### REQUIRED WORK
Reproduce precisely the lines of the listing below, starting with the line that contains "- mit einer" and stopping after the line that contains "ベニヤ板が全て貼り終わり、次"; include nothing else.

### EXERCISE MATERIALS

■ ■ ■ ■

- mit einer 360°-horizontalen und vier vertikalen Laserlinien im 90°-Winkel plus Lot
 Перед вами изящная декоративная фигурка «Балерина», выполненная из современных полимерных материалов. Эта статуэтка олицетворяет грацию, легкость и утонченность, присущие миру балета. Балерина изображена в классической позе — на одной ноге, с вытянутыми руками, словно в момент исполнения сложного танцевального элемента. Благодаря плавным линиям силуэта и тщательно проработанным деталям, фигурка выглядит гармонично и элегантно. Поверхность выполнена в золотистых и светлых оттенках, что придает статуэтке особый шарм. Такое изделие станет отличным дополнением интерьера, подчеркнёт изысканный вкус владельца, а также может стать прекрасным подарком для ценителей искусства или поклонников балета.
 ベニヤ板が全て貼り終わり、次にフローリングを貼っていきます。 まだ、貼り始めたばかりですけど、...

■ ■ ■ ■

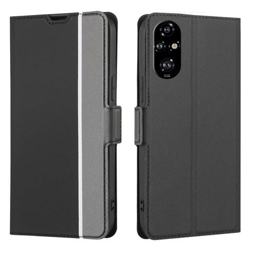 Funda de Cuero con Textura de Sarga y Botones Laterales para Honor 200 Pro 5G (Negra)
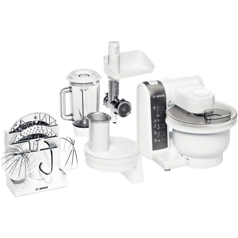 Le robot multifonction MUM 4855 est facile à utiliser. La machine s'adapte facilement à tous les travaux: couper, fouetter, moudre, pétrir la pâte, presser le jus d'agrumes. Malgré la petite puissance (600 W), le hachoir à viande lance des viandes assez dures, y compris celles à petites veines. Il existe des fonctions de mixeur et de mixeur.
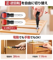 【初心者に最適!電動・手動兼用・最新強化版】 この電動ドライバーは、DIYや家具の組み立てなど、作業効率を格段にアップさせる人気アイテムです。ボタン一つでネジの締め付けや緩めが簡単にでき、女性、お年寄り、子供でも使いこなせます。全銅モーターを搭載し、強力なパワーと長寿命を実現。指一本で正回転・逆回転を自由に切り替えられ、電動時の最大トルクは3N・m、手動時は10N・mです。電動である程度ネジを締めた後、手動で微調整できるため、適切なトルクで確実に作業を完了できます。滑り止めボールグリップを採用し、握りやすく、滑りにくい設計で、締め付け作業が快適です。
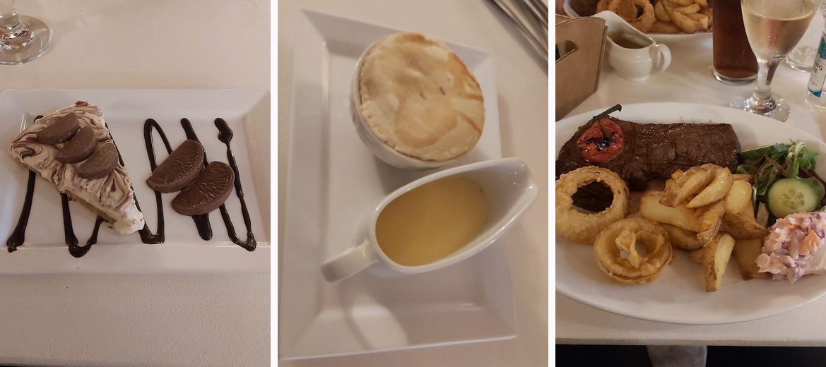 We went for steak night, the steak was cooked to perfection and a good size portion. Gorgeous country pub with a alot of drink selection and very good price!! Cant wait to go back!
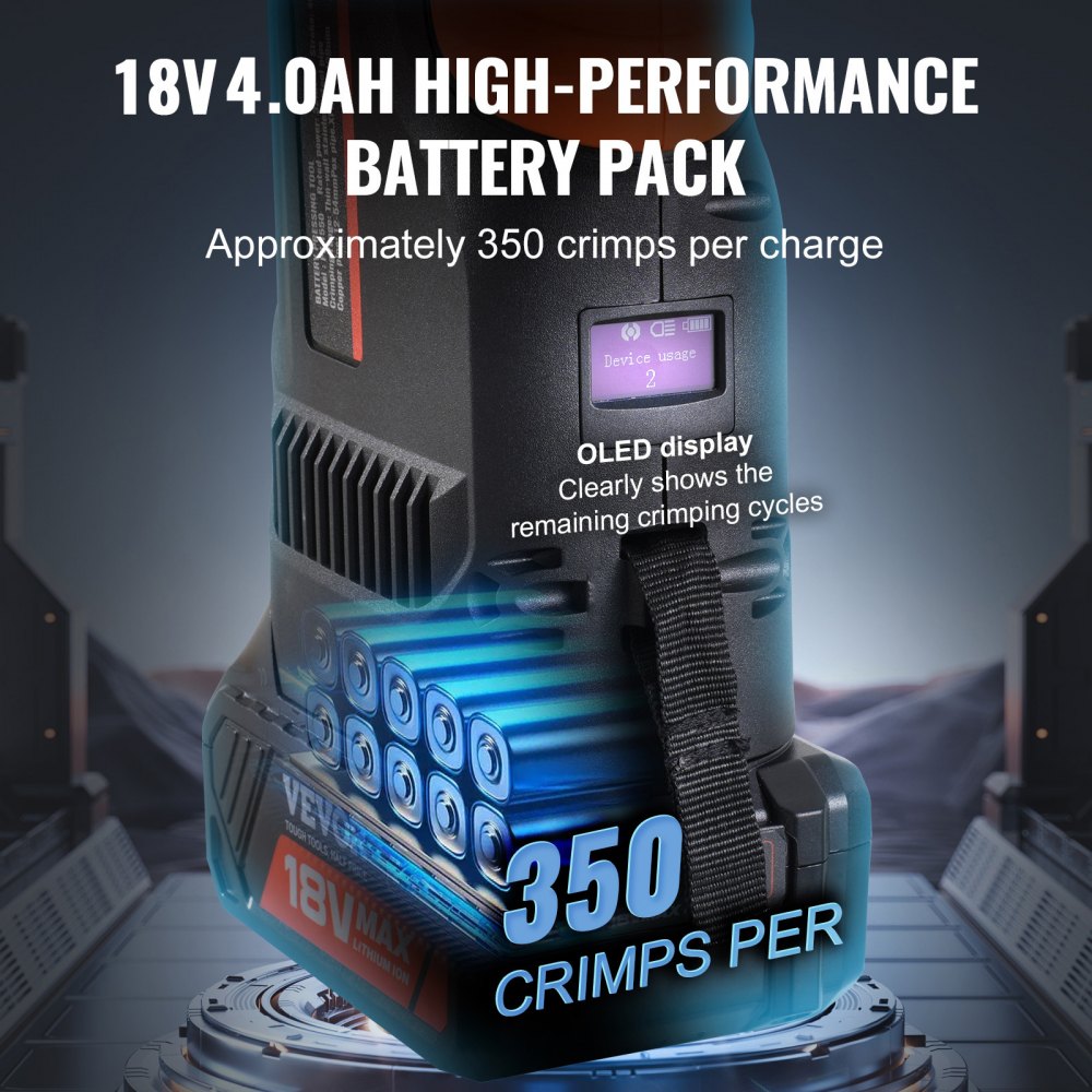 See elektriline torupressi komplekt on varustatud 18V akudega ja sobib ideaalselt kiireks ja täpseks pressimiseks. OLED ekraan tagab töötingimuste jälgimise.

■ ■ ■ ■

### COMPLETED EXERCISE
- mit einer 360°-horizontalen und vier vertikalen Laserlinien im 90°-Winkel plus Lot
 Перед вами изящная декоративная фигурка «Балерина», выполненная из современных полимерных материалов. Эта статуэтка олицетворяет грацию, легкость и утонченность, присущие миру балета. Балерина изображена в классической позе — на одной ноге, с вытянутыми руками, словно в момент исполнения сложного танцевального элемента. Благодаря плавным линиям силуэта и тщательно проработанным деталям, фигурка выглядит гармонично и элегантно. Поверхность выполнена в золотистых и светлых оттенках, что придает статуэтке особый шарм. Такое изделие станет отличным дополнением интерьера, подчеркнёт изысканный вкус владельца, а также может стать прекрасным подарком для ценителей искусства или поклонников балета.
 ベニヤ板が全て貼り終わり、次にフローリングを貼っていきます。 まだ、貼り始めたばかりですけど、...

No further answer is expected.